Ecosyste.ms: Awesome

An open API service indexing awesome lists of open source software.

Awesome Lists | Featured Topics | Projects

https://github.com/WebAR-rocks/WebAR.rocks.object

Object detection and tracking
https://github.com/WebAR-rocks/WebAR.rocks.object

3d ar augmented-reality bottle camera computer-vision cup javascript keyboard object-detection object-tracking real-time threejs webar webcam webgl

Last synced: 8 days ago
JSON representation

Object detection and tracking

Awesome Lists containing this project

README

        

# JavaScript/WebGL lightweight object detection and tracking library for WebAR





Standalone AR Coffee - Enjoy a free coffee offered by WebAR.rocks!

The coffee cup is detected and a 3D animation is played in augmented reality.

This demo only relies on WebAR.rocks.object and THREE.JS.

## Table of contents

* [Features](#features)
* [Object specifications](#object-specifications)
* [Target object dimensions](target-object-dimenion)
* [3D Model](#3d-model)
* [Architecture](#architecture)
* [Demonstrations](#demonstrations)
* [Standalone static JS demos](#standalone-static-js-demos)
* [WebXR viewer demos](#webxr-viewer-demos)
* [Specifications](#specifications)
* [Get started](#get-started)
* [Initialization arguments](#initialization-arguments)
* [The Detection function](#the-detection-function)
* [Arguments](#arguments)
* [Return value](#return-value)
* [Asynchronous function](asynchronous-function)
* [Other methods](#other-methods)
* [Video cropping](#video-cropping)
* [Scan settings](#scan-settings)
* [WebXR integration](#webxr-integration)
* [Error codes](#error-codes)
* [Hosting](#hosting)
* [Using the ES6 module](#using-the-es6-module)
* [Neural network models](#neural-network-models)
* [About the tech](#about-the-tech)
* [Under the hood](#under-the-hood)
* [Compatibility](#compatibility)
* [License](#license)
* [References](#references)

## Features

Here are the main features of the library:

* object detection
* camera video feed capture using a helper
* on the fly neural network change
* demonstrations with [WebXR](https://blog.mozilla.org/blog/2017/10/20/bringing-mixed-reality-web/) integration

## Object specifications

The training of a specific neural network to detect and track a targeted object (or several objects) is not included in the entry fee or license fee of this repository.

We train the neural network from a 3D model The training can last from 1 week to 2 months depending on the complexity of the use-case.

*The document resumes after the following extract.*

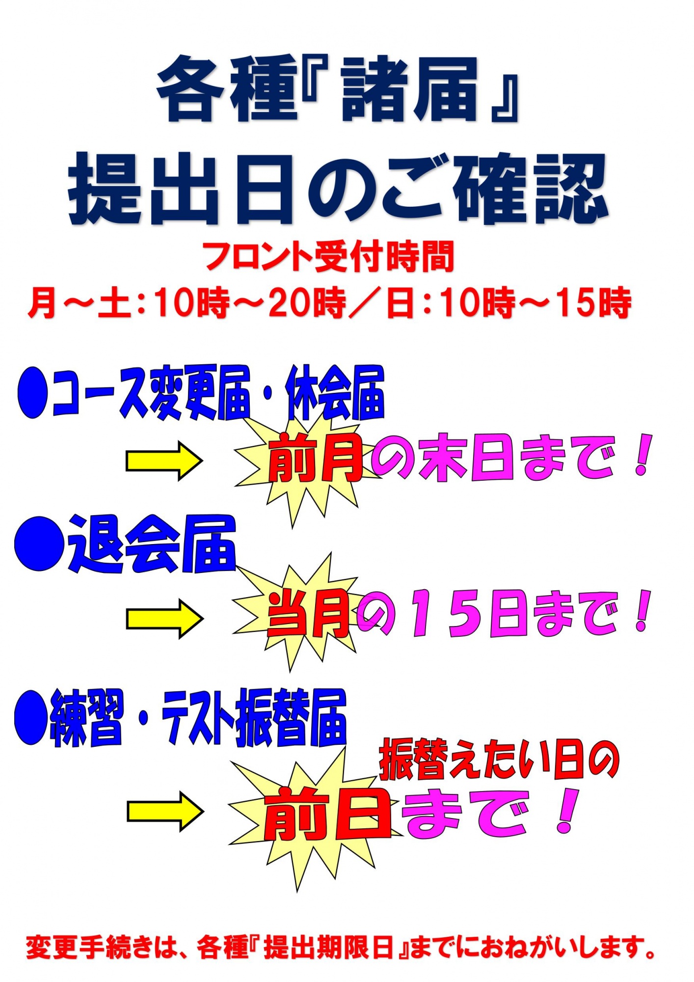 練習振替・テスト振替☆電話受付時間のお知らせ(諸届)

Contact-us to get a proposal for you specific use-case.

### Target object dimensions

The target object needs to have an aspect ratio between 1/2.5 and 2.5. An object with an aspect ratio of 1 fits into a square (same width and same height). For example a standard Redbull can aspect ratio is 2.5 (height / diameter).

Elongated objects like a fork, a pen, a knife don’t match this requirement. In this case it can be easier to target only a specific part of the object (like the end of the fork).
We only detect objects fully fitting in the field of view of the camera (i.e. not partially visible).
We can train a neural network to detect up to 3 different objects simultaneously. The first detected object will then be tracked (we currently don’t handle simultaneous multi-object tracking). The recognized objects should have approximately the same aspect ratio.

Highly reflective objects are harder to detect (like shiny metallic objects).

### 3D model

We don’t need any picture of the object but a 3D model.
The 3D model should be in one of these file format: .OBJ, .GLTF, .GLB. The textures should have Power Of Two dimensions and their higher dimensions should be equal or less than 1024 pixels.

The 3D model should include the PBR textures if necessary (typically the metallic-roughness texture).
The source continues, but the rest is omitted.